── AVAILABLE DATA
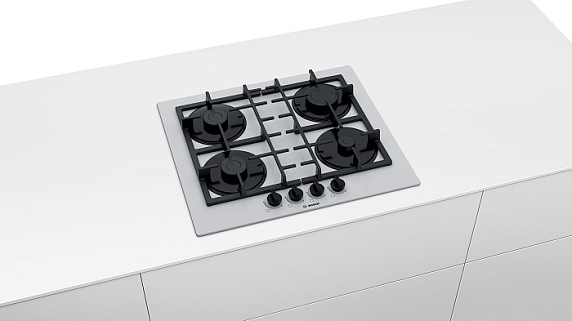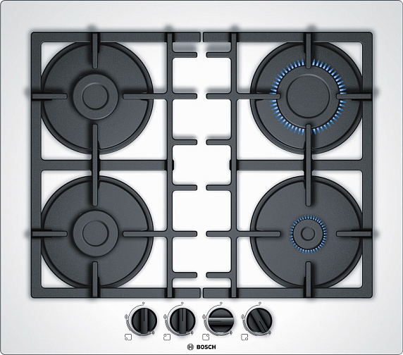 Газовая варочная панель Bosch PNP6B2B90R на 4 конфорки, шириной 59 см, белый
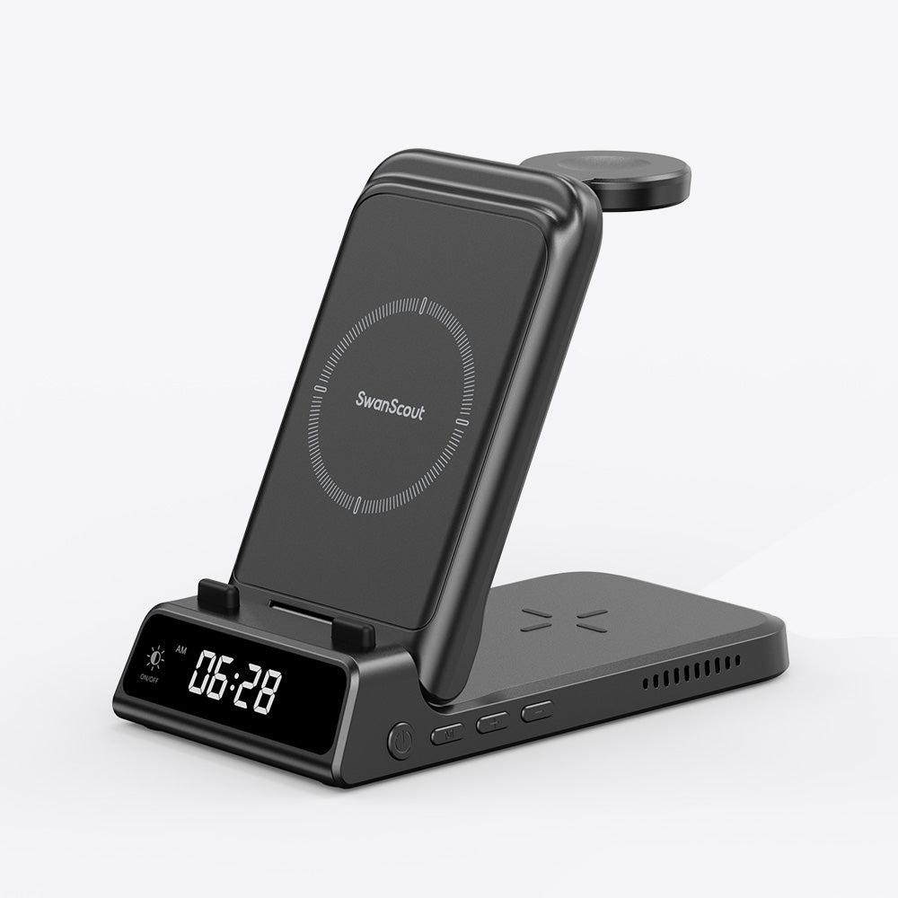 Bezdrátové nabíječky SwanScout kompatibilní s produkty Apple disponují architekturou s více cívkami a přesným zarovnáním, které podporuje iPhony s funkcí MagSafe, Apple Watch Series 10 až Ultra a AirPods kompatibilní s Qi. Jsou navrženy pro současné nabíjení s optimalizovaným rozložením energie, eliminují nepořádek s kabely a zároveň udržují stabilní výkon napříč zařízeními. Jsou ideální pro použití doma i v kanceláři a poskytují efektivní a organizované napájení přizpůsobené ekosystému Apple.
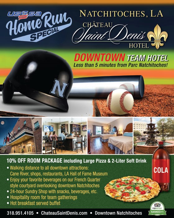 Parc Natchitoches is playing host for the 2020 USSSA World Series Warm Up XVI, July 4th weekend and Chateau Saint Denis Hotel is happy to welcome the players and fans. Guests are able to enjoy all that downtown Natchitoches has to offer from local dining, unique shopping, and outdoor river activities, while only being a short 5 min drive from the ballfields. Saturday night all guests will be treated to a famed Natchitoches firework show that will take place on the downtown riverbank. Baseball, sunshine and fireworks, a great way to celebrate Independance Day.
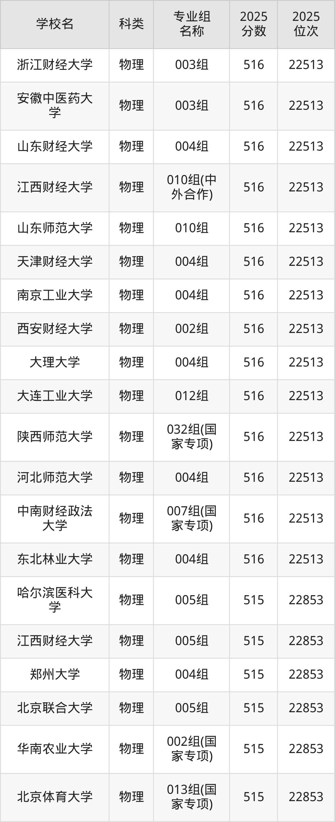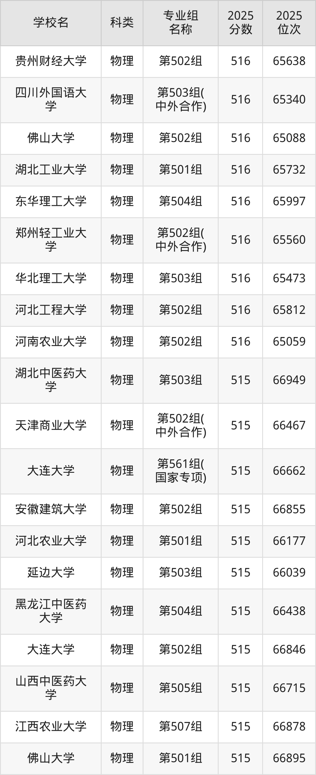 2025年江西物理類本科線為429分,516分能上的一本大學(xué)共計225所,其中公辦大學(xué)錄取位次排名最低的是內(nèi)蒙古工業(yè)大學(xué)(第503組429分,位次172066名),即代表考生省排名位次在172066名及以內(nèi)就可以報考公辦本科。
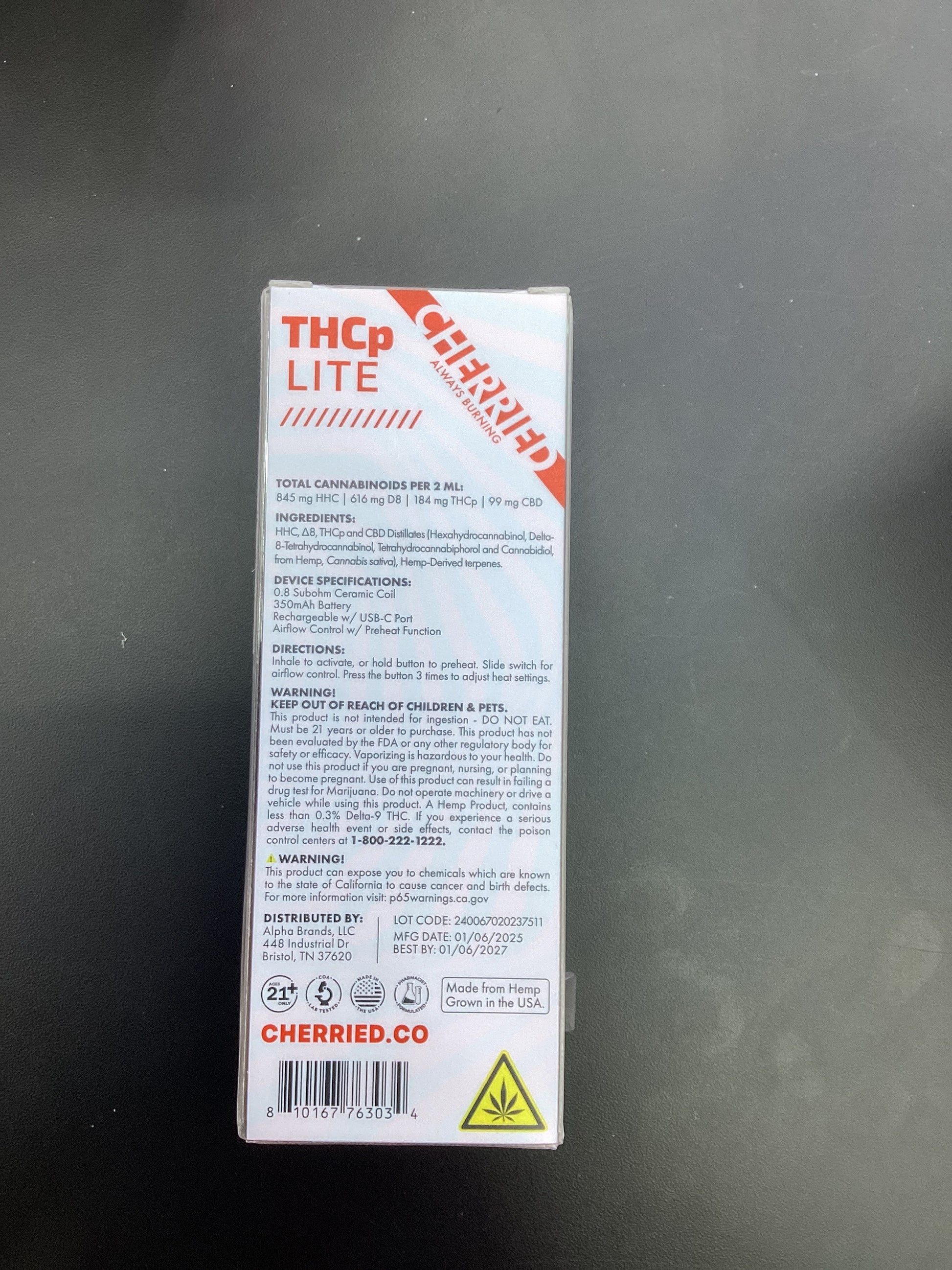 Cherries thcp lite 2g dispo blackberry kush indica
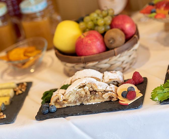 - Produkty z własnego gospodarstwa na śniadanie: jajka, dżemy, syrop, soki owocowe, suszone owoce, galaretki, chutney, herbaty ziołowe, pieczywo, świeże warzywa sezonowe, świeże owoce sezonowe
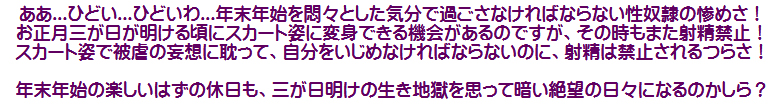 2015年暮れ〜2017年秋の妻の前でのスカート生活については、妻の性奴隷としての生活のほか、スカート姿での家事奴隷としての生活も合わせて
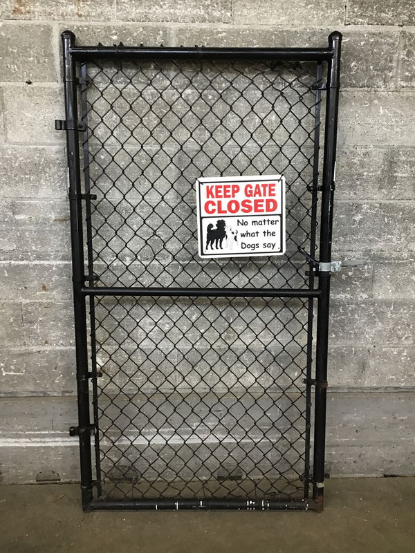 Black Chain Link Fence Gate with rubber coated chain link and a U-latch.
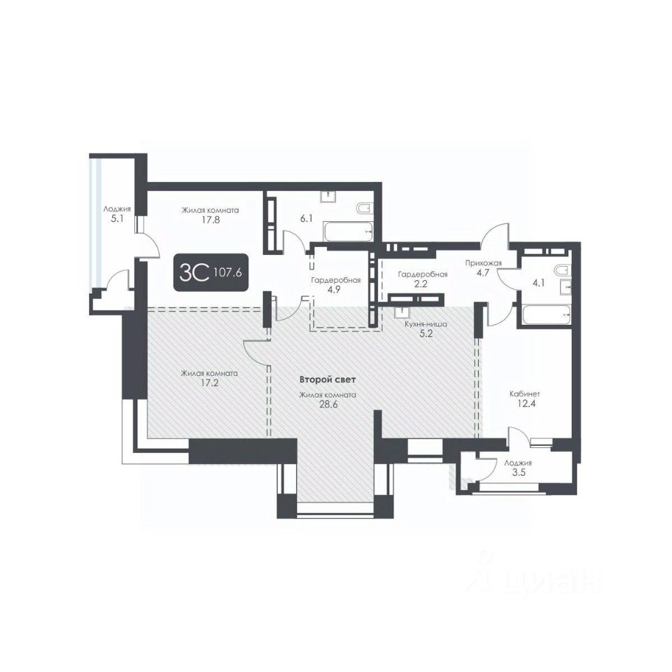 Общая площадь107,6 м²
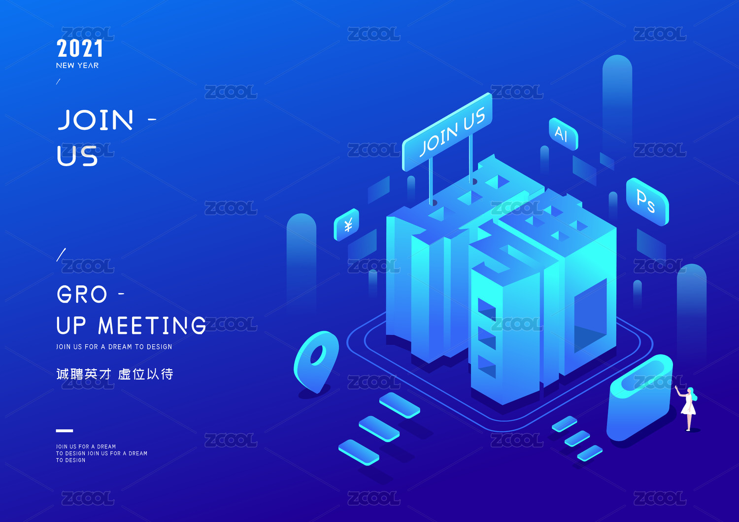 藍色科技感2.5D招聘矢量插畫
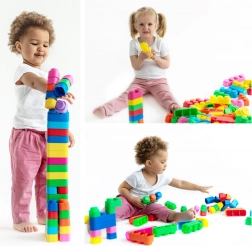 Wszystkie klocki wykonane są z miękkiego materiału, który jest bezpieczny do zabawy dla dzieci i zapewnia, że dzieci nie doznają obrażeń podczas zabawy.
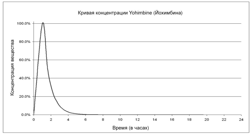 Кривая концентрации: Йохимбин быстро абсорбируется телом и имеет короткий период полувыведения. Максимальное значение в плазме достигается уже через час после приема и он практически полностью выводится из организма всего через 5 часов.
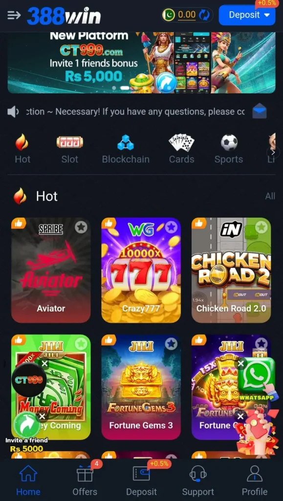 388Win Game is built to be simple and easy for new users. The app has a clean design and smooth system so players can easily explore different games. It also supports common payment methods used in Pakistan, which makes deposits and withdrawals more convenient for users.
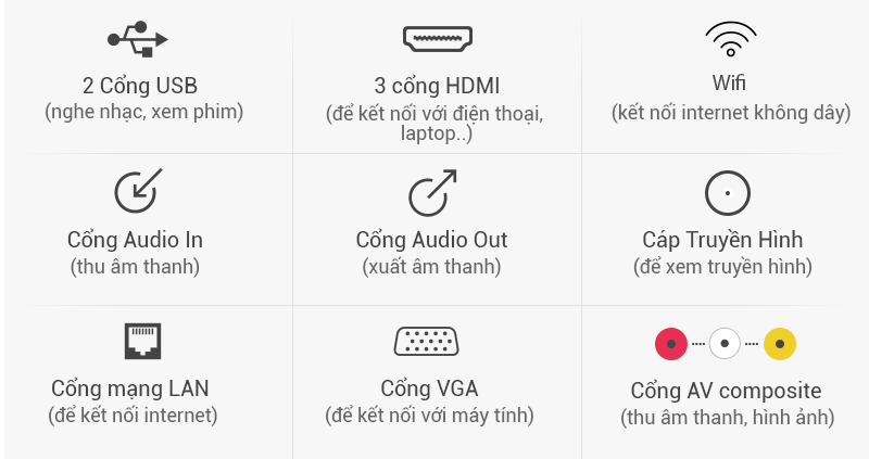 Ngoài các kết nối quen thuộc như HDMI, USB, AV, Audio Out… thì chiếc tivi này có ưu điểm là hỗ trợ tốt kết nối chuột, bàn phím. Thêm nữa, khi bạn sử dụng Skype, tivi cho phép kết nối dễ và không kén camera.
────
Restate the data above verbatim, skipping every image.

**EXERCISE ANSWER:**
 Газовая варочная панель Bosch PNP6B2B90R на 4 конфорки, шириной 59 см, белый
 Bezdrátové nabíječky SwanScout kompatibilní s produkty Apple disponují architekturou s více cívkami a přesným zarovnáním, které podporuje iPhony s funkcí MagSafe, Apple Watch Series 10 až Ultra a AirPods kompatibilní s Qi. Jsou navrženy pro současné nabíjení s optimalizovaným rozložením energie, eliminují nepořádek s kabely a zároveň udržují stabilní výkon napříč zařízeními. Jsou ideální pro použití doma i v kanceláři a poskytují efektivní a organizované napájení přizpůsobené ekosystému Apple.
 Parc Natchitoches is playing host for the 2020 USSSA World Series Warm Up XVI, July 4th weekend and Chateau Saint Denis Hotel is happy to welcome the players and fans. Guests are able to enjoy all that downtown Natchitoches has to offer from local dining, unique shopping, and outdoor river activities, while only being a short 5 min drive from the ballfields. Saturday night all guests will be treated to a famed Natchitoches firework show that will take place on the downtown riverbank. Baseball, sunshine and fireworks, a great way to celebrate Independance Day.
 2025年江西物理類本科線為429分,516分能上的一本大學(xué)共計225所,其中公辦大學(xué)錄取位次排名最低的是內(nèi)蒙古工業(yè)大學(xué)(第503組429分,位次172066名),即代表考生省排名位次在172066名及以內(nèi)就可以報考公辦本科。
 Cherries thcp lite 2g dispo blackberry kush indica
 - Produkty z własnego gospodarstwa na śniadanie: jajka, dżemy, syrop, soki owocowe, suszone owoce, galaretki, chutney, herbaty ziołowe, pieczywo, świeże warzywa sezonowe, świeże owoce sezonowe
 2015年暮れ〜2017年秋の妻の前でのスカート生活については、妻の性奴隷としての生活のほか、スカート姿での家事奴隷としての生活も合わせて
 Black Chain Link Fence Gate with rubber coated chain link and a U-latch.
 Общая площадь107,6 м²
 藍色科技感2.5D招聘矢量插畫
 Wszystkie klocki wykonane są z miękkiego materiału, który jest bezpieczny do zabawy dla dzieci i zapewnia, że dzieci nie doznają obrażeń podczas zabawy.
 Кривая концентрации: Йохимбин быстро абсорбируется телом и имеет короткий период полувыведения. Максимальное значение в плазме достигается уже через час после приема и он практически полностью выводится из организма всего через 5 часов.
 388Win Game is built to be simple and easy for new users. The app has a clean design and smooth system so players can easily explore different games. It also supports common payment methods used in Pakistan, which makes deposits and withdrawals more convenient for users.
 Ngoài các kết nối quen thuộc như HDMI, USB, AV, Audio Out… thì chiếc tivi này có ưu điểm là hỗ trợ tốt kết nối chuột, bàn phím. Thêm nữa, khi bạn sử dụng Skype, tivi cho phép kết nối dễ và không kén camera.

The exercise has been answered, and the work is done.